Matthew Watkins
- Full name: Matthew Jason Watkins
- Date of birth: 2 September 1978
- Place of birth: Newport, Wales
- Date of death: 7 March 2020 (aged 41)
- Height: 1.83 m (6 ft 0 in)
- Weight: 95 kg (14 st 13 lb)
- School: Oakdale Comprehensive School

Rugby union career
- Position(s): Centre

Youth career
- Newbridge
- Pontllanfraith

Senior career
- Years: Team / Apps / (Points)
- 1997–2002: Newport / 121 / (175)
- 2002–2003: Llanelli / 26 / (50)
- 2003–2008: Llanelli Scarlets / 124 / (169)
- 2008–2009: Gloucester / 22 / (10)
- 2009–2011: Newport Gwent Dragons / 20 / (5)
- 2009–2011: Newport / 10 / (0)

International career
- Years: Team / Apps / (Points)
- 2003–2006: Wales / 18 / (0)

= Matthew Watkins =

Welsh rugby union player (1978–2020)

Matthew Jason Watkins (2 September 1978 – 7 March 2020) was a Welsh professional rugby union player who played as a centre. He was commonly known by the name Matthew J. Watkins to avoid confusion with another Welsh rugby union player of the same name.

Born in Newport, Watkins began his rugby career with Newbridge and Pontllanfraith before going professional with Newport in 1997. After scoring 35 tries (175 points) in 121 appearances over five seasons with the club, Watkins was signed by Llanelli. He was then part of the team at the dawn of regional rugby in Wales in 2003 and was part of the original Llanelli Scarlets regional side. He was also called up to the Wales national team several times during his spell with the Scarlets, earning 18 caps between 2003 and 2006.

By 2007, he had become only the third player to reach 100 appearances for the region, following lock Adam Jones and prop John Davies. Watkins signed for Gloucester at the end of the 2007–08 season, midway through a three-year contract with the Scarlets.

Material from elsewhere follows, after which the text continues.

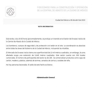 La Administración General del mercado dio a conocer en un comunicado que el incendio se produjo en el Sector de Envases Vacíos, donde Bomberos, cuerpos de seguridad y de Protección Civil continúan trabajando, en coordinación con las autoridades de las diferentes áreas del Gobierno capitalino y de las alcaldías.

On 3 August 2009, it was confirmed that Watkins would return to Wales and to the place where his professional rugby career began, signing for Newport Gwent Dragons on a two-year contract. He was released at the end of the 2010–11 season and retired soon after.

On 20 May 2013, it was announced that Watkins had developed a very rare pelvic cancer while studying for rugby coaching qualifications, but described himself as remaining "well and active". On 7 March 2020, it was announced that Watkins had died at the age of 41.